Jamie Broadnax is the editor-in-chief and creator of the online community for 
black women called Black Girl Nerds.

Thursday, February 15, 2018

Marvin X--the revolutionary who never came in from the cold


"And it is gratifying in an era of the sellout, faint hearted and fallen, to see that Marvin X was one black man who met the white man in the center of the ring and walked with him to the corners of psycho-social inequity, grappling with him through the bowels of the earth, yet remained one black man the white man couldn't get."--Dr. Nathan Hare

Marvin X--the revolutionary who never came in from the cold

AB and MX, 47 years of revolutionary work and friendship
Askia Toure', co-founder of BAM. Gave Marvin X his first tour of Harlem, NY, when MX arrived underground, with the FBI on his heels for refusing to fight in Vietnam. Marvin X arrived in Harlem just in time to kick off the Black Arts Movement, along with Baraka, Askia, Larry Neal, Sonia, Nikki, Haki, Last Poets, Barbara Ann Teer, Sun Ra, Milford Graves, Ed Bullins, Robert Macbeth and the New Lafayette family, 1968. Marvin became associate editor of Black Theatre Magazine, a publication of the New Lafayette Theatre.

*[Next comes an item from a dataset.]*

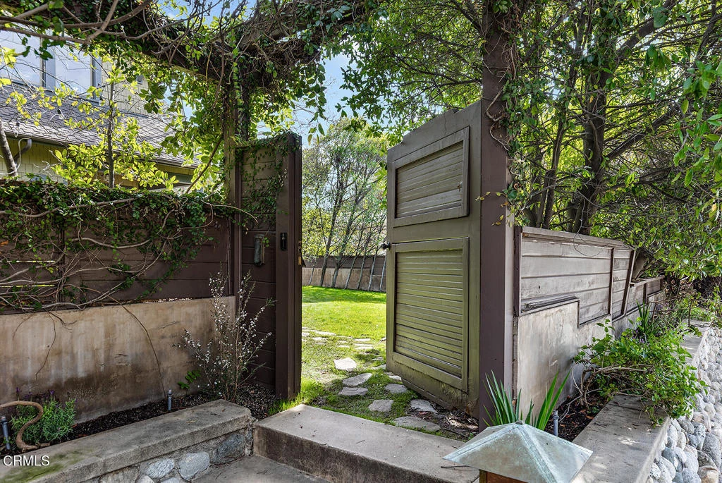 Secluded and private, behind a river rock wall and mature hedges, this 1907 Craftsman located adjacent to historic Madison Heights offers timeless character and high-end updates in a desirable location. The home is quietly introduced by an arbor entry and a handsome gate on Oakland Avenue, which opens to reveal a secret garden. Follow the meandering stone path through a velvety lawn to the generous front porch and stunning solid wood front door. Inside, quality craftsmanship and custom details abound in this restored home, from rich amber-hued hardwood floors to the grand-scale chiseled granite arroyo stone fireplace, a decorative centerpiece befitting the spacious living room. Natural light is a constant here, with beautiful wood casement windows bringing in sunlight and lush green garden views. Expanded and restored by architect William S Long, in 2007, the floor plan flows seamlessly for convenience and ease: the living room leads into a formal dining room, which opens to both a covered deck via french doors, and to a superlative kitchen. Chefs will revel in the 48' Thermador range, warming drawer, double wall ovens and SubZero refrigerator, while design aficionados will enjoy the combination of classic, early 20th-style millwork and fixtures with elegant finishes like natural marble countertops and floors. A convenient mudroom and powder bath complete the public spaces on the ground level. Private spaces are equally well-appointed: the primary suite with walk-in-closet features an en-suite bath with steam shower and separate soaking tub. Upstairs, two additional sizable bedrooms share another updated full bath with a soaking tub and separate shower. The large laundry and bonus storage/linen storage room, plus built-in shelving and desk nook provide value and utility. Lastly, at 388 SF, the garage is large enough for two cars, but the space is finished beautifully and ideal for a den, home office or gym space. Centrally located between Madison Heights, the Playhouse District and South Lake Ave, this home is surrounded by beloved cultural institutions (the Pacific Asia Museum, Caltech and the Huntington, to name a few), with wonderful dining, shopping and architectural sight-seeing just moments from the front door.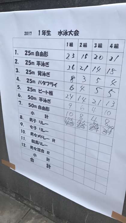 9月14日(木)午後2時半 1年生水泳大会途中経過です。 接戦が続いています。

Much in the manner of David Walker's Appeal, one of Marvin's duties was distributing the magazine coast to coast, especially to the black colleges and universities.

Harlem reception for Marvin X. He was in NYC to speak at NYU memorial for poets Jayne Cortez and Amiri Baraka. Reception was at the home of poet Rashidah Ishmaili.

Original West Oakland Nigga's fa life at Bobby Hutton/Defermery Park. Marvin says, "Growing up in West Oakland, nigga wasn't a bad word, but if you called a nigga black, you had a fight!


Angela Davis, Marvin X, Sonia Sanchez

Sun Ra and Marvin X worked and performed together coast to coast, taught together at UC Berkeley and Sun Ra arranged the music for the musical version of Flowers for the Trashman, renamed Take Care of Business, TCB, a sanitized version of Flowers that Sun Ra rejected. "Marvin sometimes you so right you wrong. When you took out that sex scene you messed up, that was the best scene because it was the low down dirty truth, that's what people want, not the truth but the low down dirty truth!"







Marvin X and oldest daughter, Nefertiti, urging her father pass the baton at Laney College BAM 50th Anniversary.



 Marvin X and Oakland Mayor Libby Schaaf
"Marvin X is a wonderful personality!" says the Mayor

Maestro Marvin X with the Black Arts Movement Poets Choir and Arkestra, Malcolm X Jazz/Art Festival, Oakland, 2015
Poet/freedom fighter Marvin X with students at the University of California, Merced, after his lecture on the Black Arts Movement and a conversation with students on his BAM classics Flowers for the Trashman and Salaam, Huey Newton, Salaam (with Ed Bullins). Professor Kim McMillan says her students love the dramatic works of Marvin X. She wishes he would write more dramas. Kim notes her students love his works and him as well. "And I love my students as well, after all, I married two of them Muslim style while teaching at Fresno State University and University of California, Berkeley. They gave me three of the most beautiful daughters any parent, especially a father,  could want, Nefertiti, Muhammida and Amira!"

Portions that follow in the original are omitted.